Álvarez left the PLN and founded the Union For Change Party. Álvarez affirmed that the ruling corruption and the estrangement of the PLN leadership from its social democratic principles and ideology supported its decision. Union for Change obtained a 2.44% (39557 votes) in the elections of 2006 did not obtain deputies and achieved a single regidor at national level.

Antonio Álvarez assumed Johnny Araya's presidential campaign as chief in September 2012.

In 2008 he decided to dissolve his political movement and re-enter the ranks of the PLN. This decision was criticized, but Alvarez assured that there was a new social democratic and progressive base that allowed him to return, and that he aspired to be presidential candidate of that grouping. However, party's bylaws forbade anyone to be a candidate for not having four uninterrupted years of partisan militancy.
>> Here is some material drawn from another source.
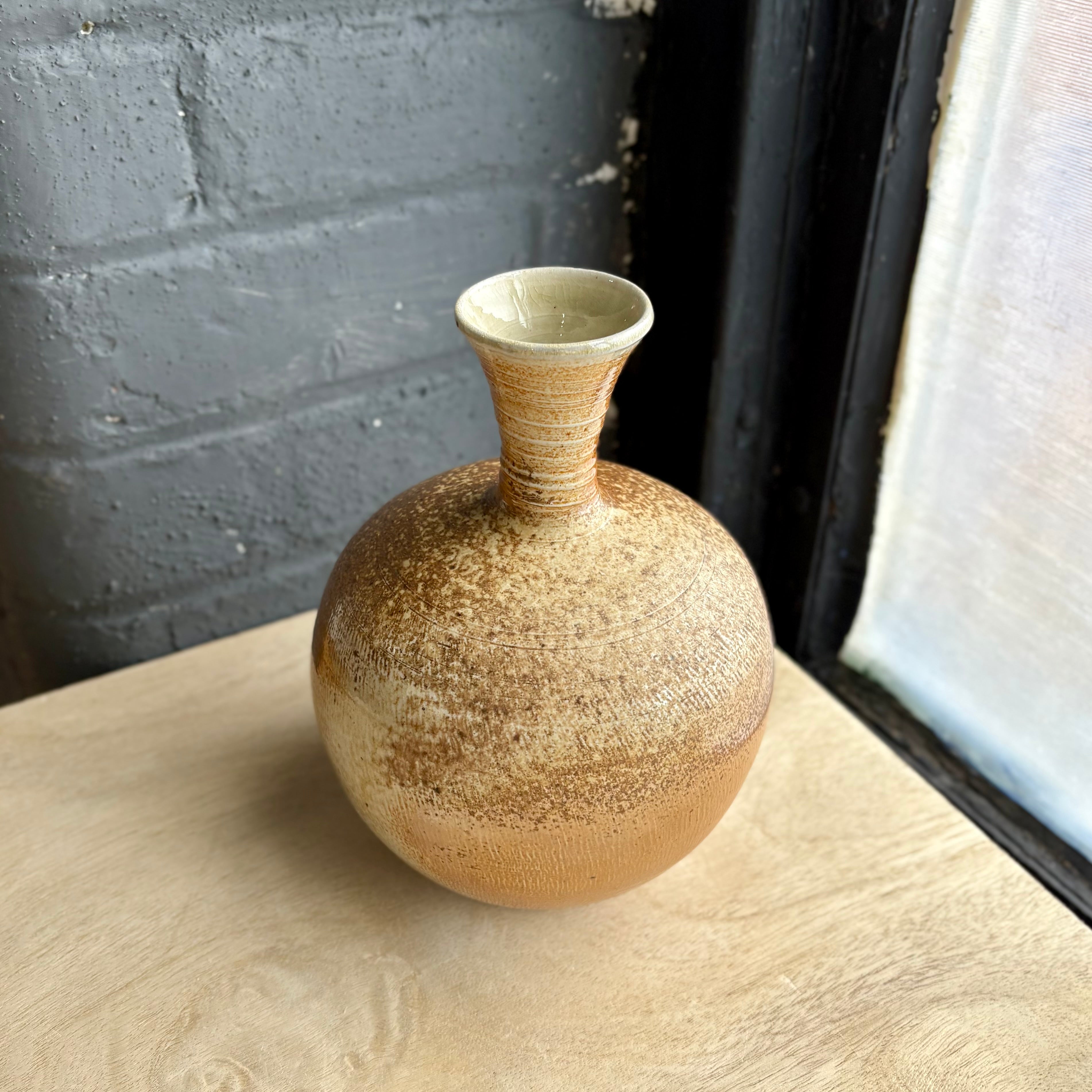 The interior is glazed, allowing it to hold water for flowers. The flared neck lends itself to slightly more open arrangements—small clusters of stems or a few loosely gathered branches—while the form itself holds a quiet presence when unadorned.

Álvarez then gave his support to the candidacy of Laura Chinchilla, who was later elected President of the Republic.

On October 8, 2010, Álvarez Desanti informed the press of his decision to present his candidacy again in the National Liberation Party, with a view to the 2014 presidential elections. In September 2012, he gave up on them and joined Johnny Araya, then mayor of San José, as presidential candidate, where he served as Campaign Leader and deputy candidate for first place in San Jose's list, resulting in elect.

In January 2011, Álvarez Desanti launched a series of short television programs, in which he tackled issues such as animal rights, financial management, remote work, and social networks.

On September 20, 2016, Desanti announced through the 7 Days of Teletica program that he was seriously considering registering as a candidate for the National Liberation Party. On October 21, Diario Extra published the result of a national survey where Álvarez Desanti as the likely candidate with the highest support. On November 2, 2016, through the newspaper La Nación, Desanti stressed his interest in becoming the candidate for the National Liberation Party and stated that there will be a polarization between him and Jose María Figueres Olsen.

Alvarez registered his presidential precandidatura on January 10, 2017, counting on the support of several important public figures and liberationists. Later on Sunday, April 2 of the same year, his party's convention was celebrated, which would be victorious. The next day, his most important opponent, Jose Maria Figueres Olsen, would accept his defeat.

==Personal life==
In 1977, Antonio Álvarez Desanti married Livia Meza, with whom four years later had his first daughter, Adriana, in May 1980. The union was dissolved a year later. In 1983, he married Nuria Marín Raventós, with whom he has a daughter, Andrea, born in 1986.